Consider the following simple reference counting functions (to be used with boost::intrusive_ptr):

class Foo {
    // ...

    std::atomic<std::size_t> refCount_{0};

    friend void intrusive_ptr_add_ref(Foo* ptr)
    {
        ++ptr->refCount_;  // ❶
    }

    friend void intrusive_ptr_release(Foo* ptr)
    {
        if (--ptr->refCount_ == 0) {  // ❷
            delete ptr;
        }
    }
};

I'm still learning memory ordering, and I'm wondering if the default memory ordering for fetch_add/sub (memory_order_seq_cst) is too strict in this case. Since the only ordering I want to ensure is between the ❶ and ❷, I think we can replace ❶ with

ptr->refCount_.fetch_add(1, std::memory_order_release);

and ❷ with

if (ptr->refCount_.fetch_sub(1, std::memory_order_consume) == 1) {

But memory ordering is still new and subtle to me, so I'm not sure if this will work correctly. Did I miss anything?

3

There are 3 answers

7
Potatoswatter On BEST ANSWER

Consulting the libc++ implementation of std::shared_ptr, you might want memory_order_relaxed for increment and memory_order_acq_rel for the decrement. Rationalizing this usage:

If the number increases, then all that matters is its consistency. The current thread is already sure that it's greater than zero. Other threads are unsynchronized so they will see the update at an indeterminate time before the next atomic modification, and perhaps at a time inconsistent with updates of other variables.

If the number decreases, then you need to be sure that the current thread has already finished modifying it. All updates from other threads must be visible. The current decrement must be visible to the next one. Otherwise, if the counter raced ahead of the object it was guarding, the object could be destroyed prematurely.

Cppreference has a nice page on memory ordering. It includes this note:

The specification of release-consume ordering is being revised, and the use of memory_order_consume is temporarily discouraged.

It also insinuates that no current compilers or CPUs implement consume; it's effectively the same as acquire.

2
Simon Richter On

Incrementing the reference count does not require any synchronization in a correct program, just atomicity.

We pretend that references are owned by threads. A thread may only use a referenced object if the reference counter is at least one, and is guaranteed not to drop to zero while the object is being used, which either means that the thread has incremented the reference counter during its use of the object, or there is another mechanism that ensures this condition is met.

Thus, we assume that the thread incrementing the reference count owns the reference that ensures that it may access the object's reference counter, so no other thread may decrement the reference counter to zero while it is trying to increment the counter.

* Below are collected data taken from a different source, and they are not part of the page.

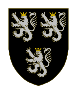 Un lion de écu naissant entre un vol d’argent et de sable.
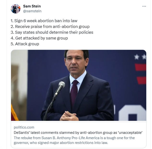There’s no good news for Ron DeSantis; and little hope for the rest of the field, which is putting up a series of feeble single-digits. “The primary isn’t over,” Catoggio writes. “It never began.”
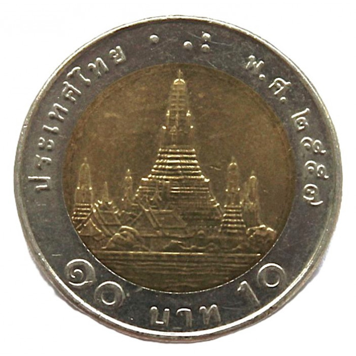 ТАИЛАНД 10 бат 2014 (Y# 459) Рама IX. Буддийский храм «Ват Арун» в Бангкоке
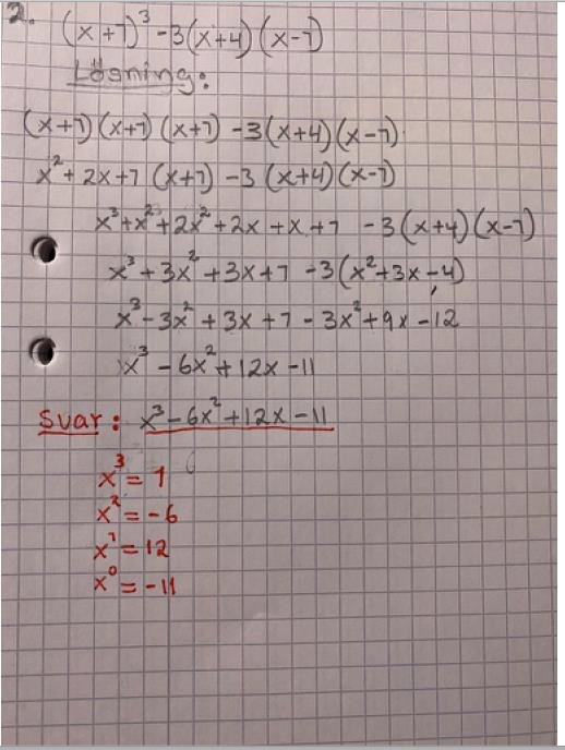 När det står , tänk på att det är ett negativt tal som multipliceras med varje term inuti parentesen, så plus blir minus och minus blir plus.

The only thread allowed to drop the initial reference is either the current thread (after incrementing the reference count), or another thread once the current thread has signaled that its shared use of the object (i.e. the "ownership" of the original reference) has ceased -- both of these are visible effects.

On the other hand, decrementing the reference counter requires acquire and release semantics, as the object may be destroyed afterwards.

The CPP Reference's page on std::memory_order says

Typical use for relaxed memory ordering is incrementing counters, such as the reference counters of std::shared_ptr, since this only requires atomicity, but not ordering or synchronization (note that decrementing the shared_ptr counters requires acquire-release synchronization with the destructor).

1
curiousguy On
if (ptr->refCount_.fetch_sub(1, std::memory_order_consume) == 1) {

That one is clearly wrong: a use of std::memory_order_consume only makes sense but a value that can be consume in a side effect is later done, like that:

r = a.fetch_sub(1, std::memory_order_consume);
v[r] = 1; // depends on r
x = r+2; // depends on r
z = r-r; // this is a legal dependency but many compilers mis-compile it
y = r/r; // still a legal dependency
f (r); // where f is declared with carry dependency 
r2 = r; // transfers the dependency
v[r2] = 2; // dependency ordered
r2 = r ? 1 : 0; // breaks the dependency
v[r2] = 2; // not dependency ordered

Consume is zero cost ordering on most CPU, as the CPU guarantees correct ordering simply by virtue of the result depending on the value. It assumes that assembly code mirrors C++ code exactly which compilers cannot in general guarantee; consider these:

int a1[1];
a[r] = 2; // r is 0 or out of bound

Here the compiler can assume that r is 0: there is exactly one element, so the code does the same as:

a[0] = 2;

but that one doesn't have a dependency on r, so in context of a consume ordering, the assembly code must use r for addressing.

It means that compilers must be able to selectively disable many common, simple optimizations that are done in another part of the compiler, a part that is language independent.

These are many obvious cases that must not be optimized, there are must elaborate cases like a pointer to a singleton.